Lettres à Mina

Thuân

Roman
Traduction du vietnamien par Yves Bouillé

Ouvrage traduit avec le soutien du Centre national du livre (CNL).

Couverture : Alix Aymé, « L’attente », peinture à la laque (collection privée).

ISBN : 978-2-36013-597-4
© Riveneuve 2020
85, rue de Gergovie 75014 Paris
www.riveneuve.com

Paris, le 19 octobre 2017

Mina,

C’est la première fois que j’écris sur toi. De mon séjour en Russie soviétique, j’ai écrit sur Ludmila, sur notre chambre à toutes les trois, sur le balcon donnant sur la forêt de châtaigniers, sur notre petite cuisine, dont il fallait constamment allumer la lumière même en plein jour, sur la neige qui tombait incessamment pendant des semaines et sur tant d’autres choses que j’ai déjà oubliées… Mais sur toi, jamais. J’ai pour habitude de ranger le passé dans des tiroirs que j’ouvre de temps à autre, pour voir comment je pourrais l’utiliser. Aujourd’hui, le tiroir portant ton nom s’est ouvert en grand. Je te salue, ma chère amie !

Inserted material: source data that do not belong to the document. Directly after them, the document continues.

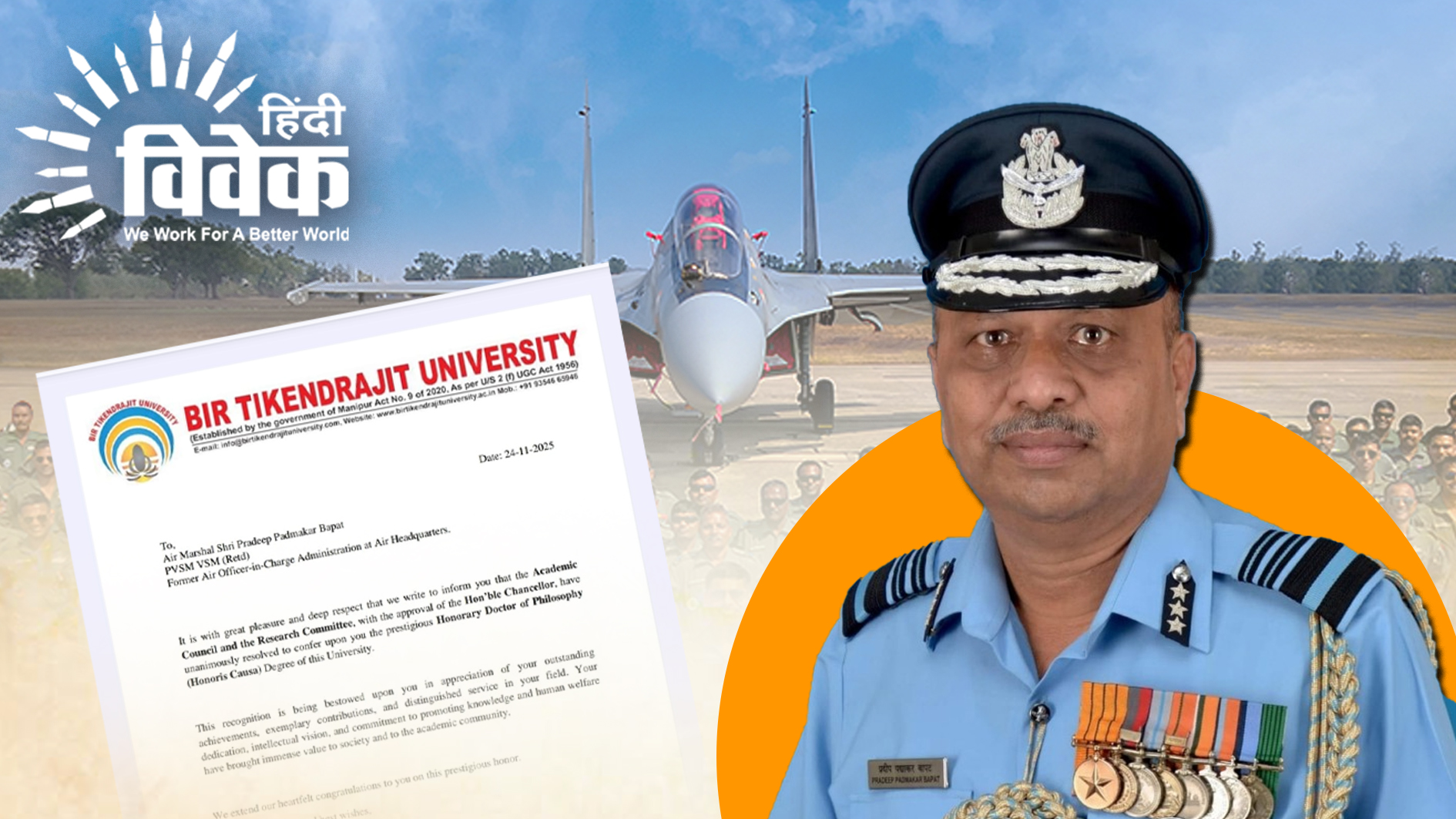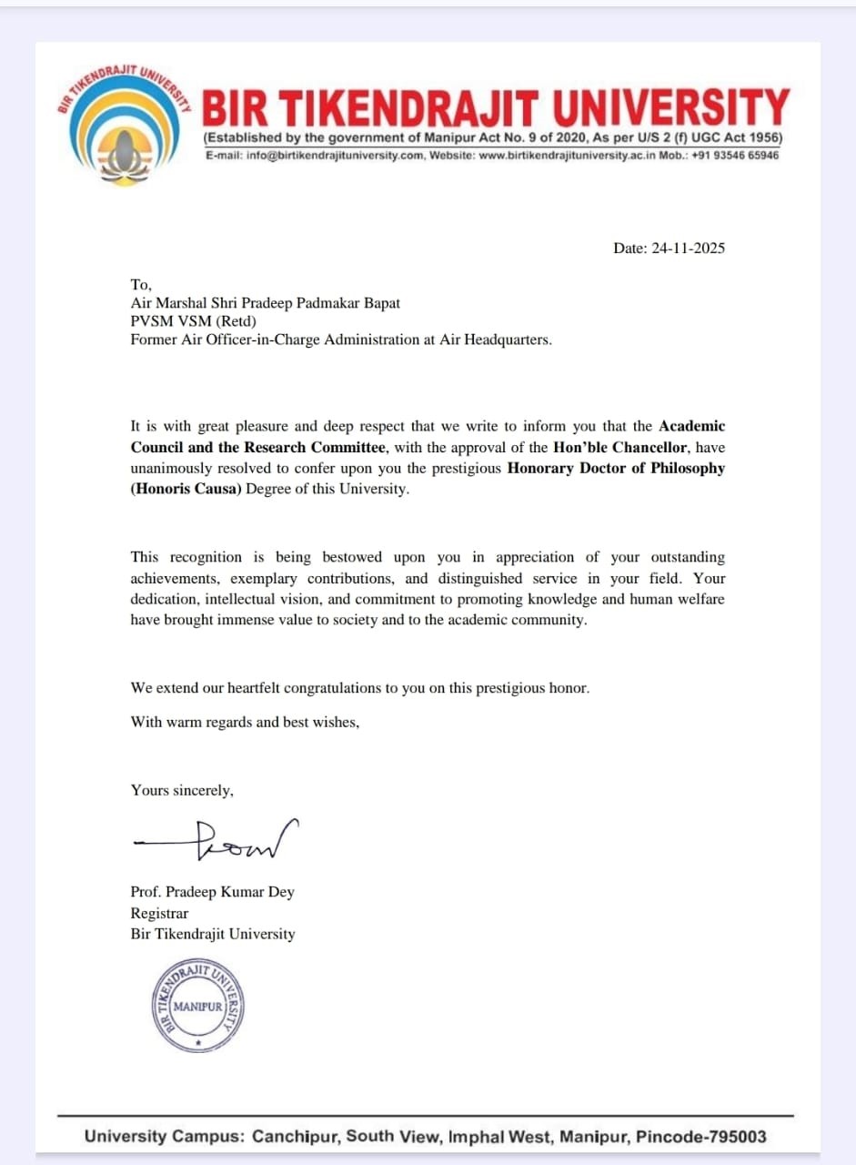 पुणे। इम्फाल, मणिपुर स्थित बिर टिकेंद्रजीत विश्वविद्यालय ने एयर मार्शल प्रदीप बापट (सेवानिवृत्त) को प्रतिष्ठित एवं सम्माननीय मानद डॉक्टरेट (डॉक्टर ऑफ फिलॉसफी) प्रदान करने की घोषणा की है। उक्त सम्मान उनके द्वारा देशसेवा में दिए गए उत्कृष्ट एवं अमूल्य योगदान के लिए प्रदान किया जा रहा है।
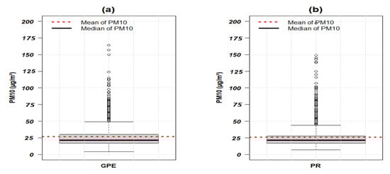The skewness coefficients in GPE and PR were different from 0, which is the reference value for the normality of a process [62,63]. Thus, the PM10 distribution for each area is not symmetric. Estimated kurtosis coefficients of 10.97 and 19.67 in GPE and PR exhibited a leptokurtic distribution.
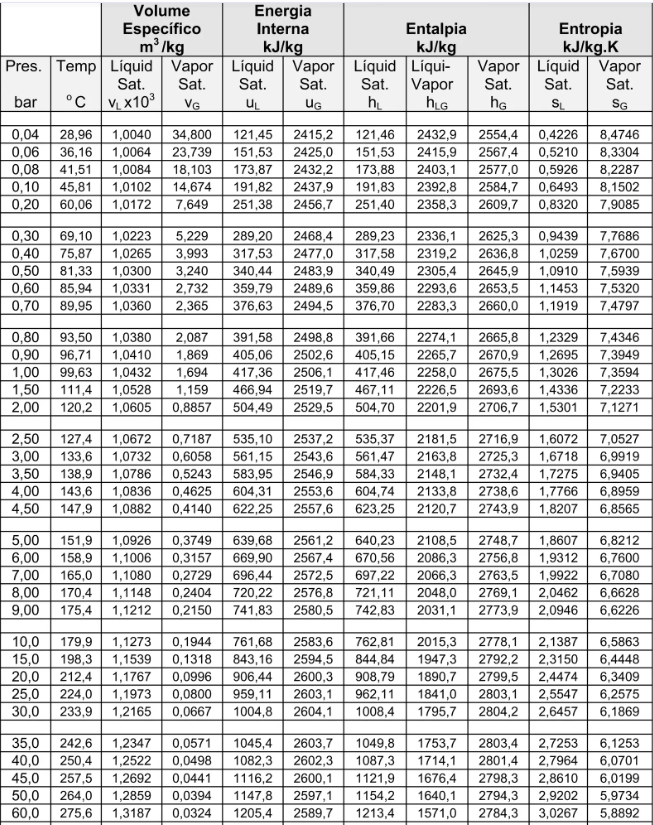 Tabela 1: Propriedades da água saturada
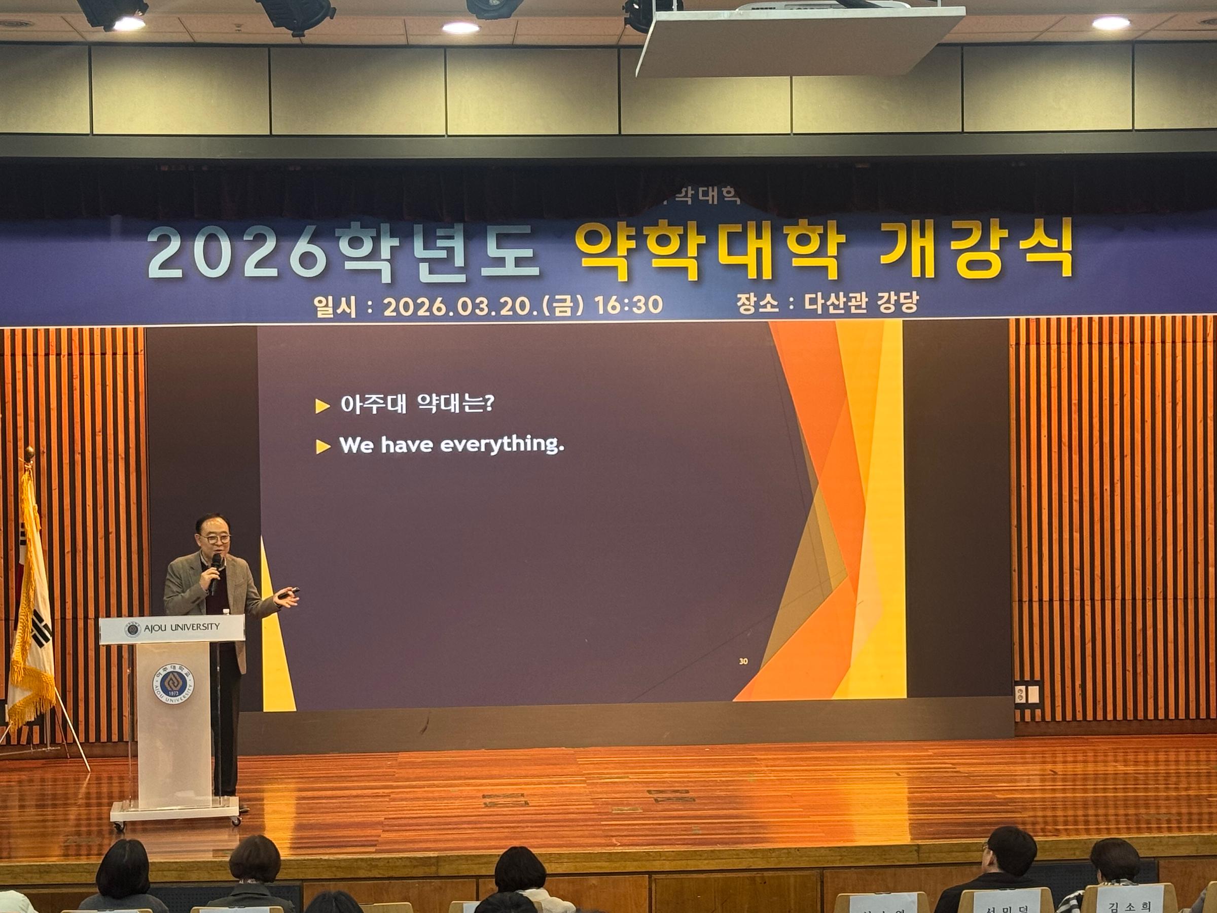 박만규 명예교수님의 “아주대의 역사와 약대의 미래” 주제로 아주대학교의 설립 역사와 약학대학의 비전과 미래를 제시하는 특강이 진행되었으며, 이번 학기 신규 임용된 강동원 교수님과 약학대학 교수님, 학생회, 학년 대표, 동아리, 소학회 소개와 학교생활에 필요한 교육과정, 실
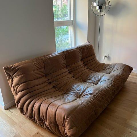 Sælger smuk Ligne Roset Togo 3 personers sofa med tilhørende puf i cognac farvet kernelæder. Klassisk vintage model med nyt betræk, som blev lavet for cirka 5 år siden. Fremstår i rigtig god stand. Dog med enkelte misfarvninger fra jeans. Dette er ikke forsøgt renset.
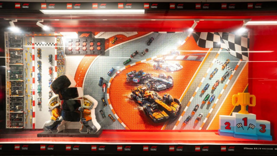 其中最吸睛的當(dāng)屬一面巨型樂(lè)高積木拼圖櫥窗,由 55 萬(wàn)塊積木、260 個(gè)樂(lè)高人仔與 30 輛樂(lè)高 F1 賽車(chē)拼搭而成,耗時(shí) 930 小時(shí)精心打造,還原賽事中發(fā)車(chē)起步、彎道超車(chē)、沖線爭(zhēng)冠的名場(chǎng)面。
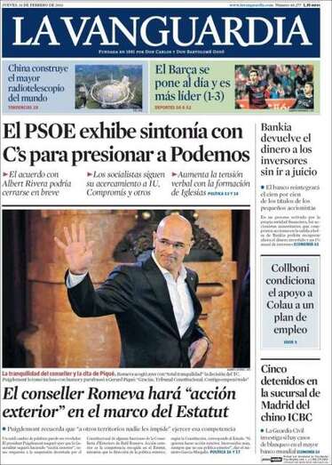 La Vanguardia: "El PSOE exhibe sintonía con C's para presionar a Podemos"; "El conseller Romeva hará "acción exterior" en el marco del Estatut"; "Bankia devuelve el dinero a los inversores sin ir a juicio"; "Collboni condiciona el apoyo a Colau a un plan de empleo"; "Cinco detenidos en la sucursal de Madrid del chino ICBC".
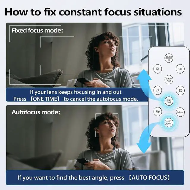 9x Digital Zoom & AutofocusIdeal for streaming, gaming, and video calls on Zoom/Skype. Easily zoom (1-9x) and pan via remote control. Adjust your view digitally to frame shots perfectly, capturing crisp details in optimal lighting.
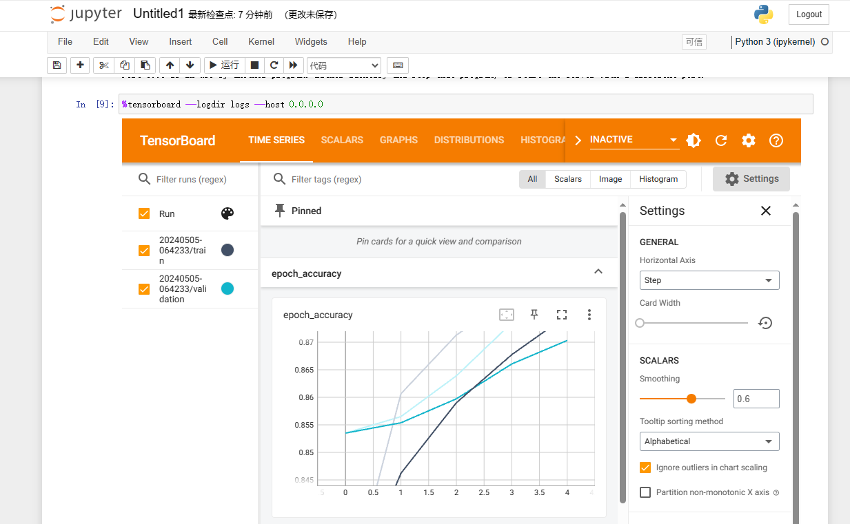 Refer to Using TensorBoard in Notebooks, and run the example programs in sequence. Add the parameter
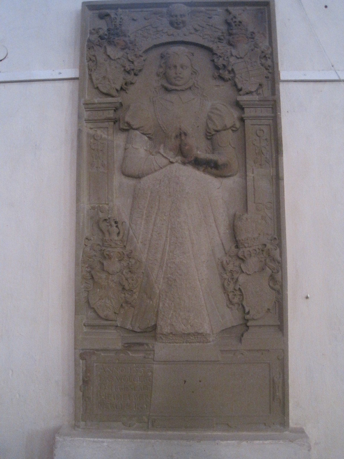 †12./20. Mai 1552 Heidelberg (steinerne Grabplatte 1956 in der Heiliggeistkirche aufgefunden und an der Nord-Innenwand aufgestellt)
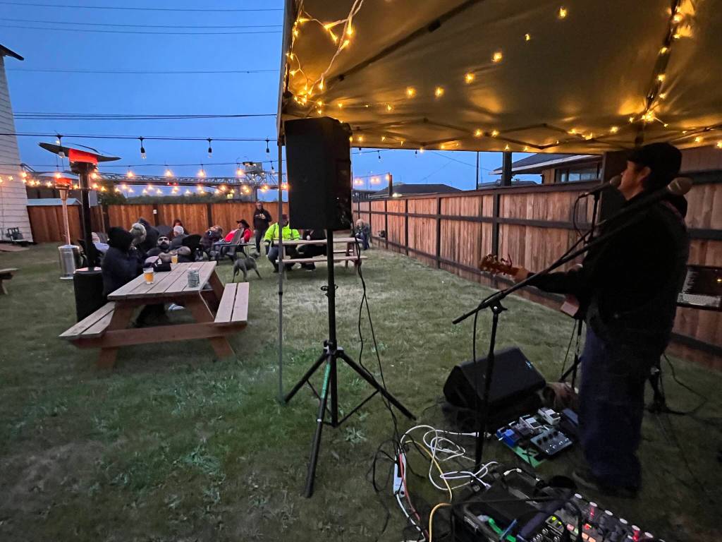 Clinton “Dogger” Mullins plays in front of a small crowd Friday night at Red Cedar at the Vasa, in Hoquiam. The crowd, appearing smaller than it was throughout the night, was much larger at its apex as people enjoyed the music and cold pints the beer bar serves. But, for the people who braved the decreasing temperatures, they were the first lucky few to hear tracks from Mullins’ new album “Atta Bomb.” On Monday, “Dogger,” as he’s known, finished tracking the album, which made him “super stoked.”
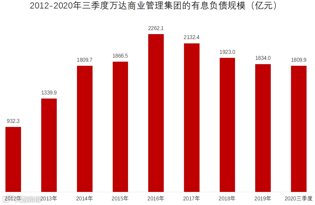 与此同时,万达商管背负着巨额债务。据Wind数据显示,2021年,万达商管到期的公开债务为367.5亿元,截至2020年三季度末,万达商管的有息负债规模为1809.9亿元。
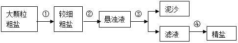氯化鈉是生活必需品,也是重要的化工原料。提純含少量泥沙的粗鹽,一般經(jīng)過以下操作流程:![]()
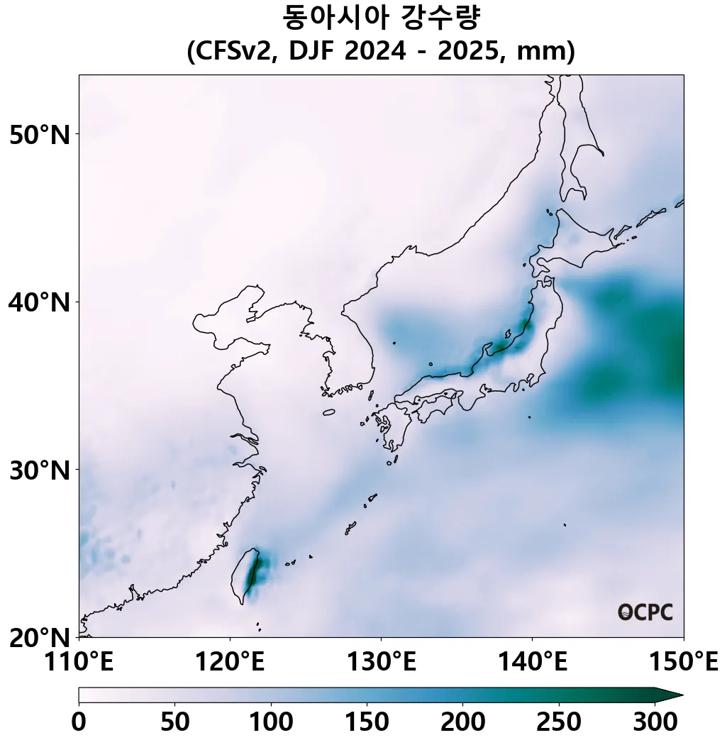 A. 동아시아 강수량 전망(2024년 12월~2025년 2월 평균)
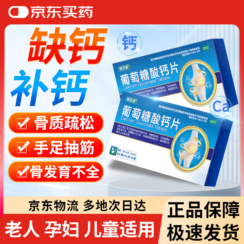 恒玉佳葡萄糖酸钙片 0.5g*15片*2板 预防治疗钙缺乏症骨质疏松手足抽搐骨发育不全佝偻病儿童老年人妊娠补钙

À vrai dire, je devrais même t’appeler « grande sœur ». Lorsque j’ai débarqué du Vietnam, tu étais déjà en quatrième année, et tu avais un visage racorni ! Tes lèvres étaient pâles, tes joues saillantes, tes yeux minuscules, avec un début de pattes d’oies. Je t’ai adorée aussitôt. J’ai poussé ma valise dans la chambre, tu t’es levée, tu as éclaté de rire, tu as passé la main dans tes cheveux permanentés, tu as défroissé ta jupe qui t’arrivait au-dessus des genoux, tu as jeté ta cigarette et tu m’as demandé : « Ça va Th. ? » Tu prononçais parfaitement mon nom. Tu as dit : « Th., ce lit est à toi, ce bureau est à toi, cette étagère est à toi, ce côté du placard est à toi… » Tu as dit qu’il n’y aurait que nous deux dans cette chambre, car Ludmila n’y revenait que quand elle se faisait larguer par un mec. Tu avais dû me le répéter plusieurs fois avant que je comprenne. Nos niveaux de russe respectifs étaient comme le jour et la nuit. Parmi mes amies étrangères, tu as toujours été celle qui parlait le russe le plus rapidement, avec le plus d’esprit, le plus d’insolence, le plus de charme.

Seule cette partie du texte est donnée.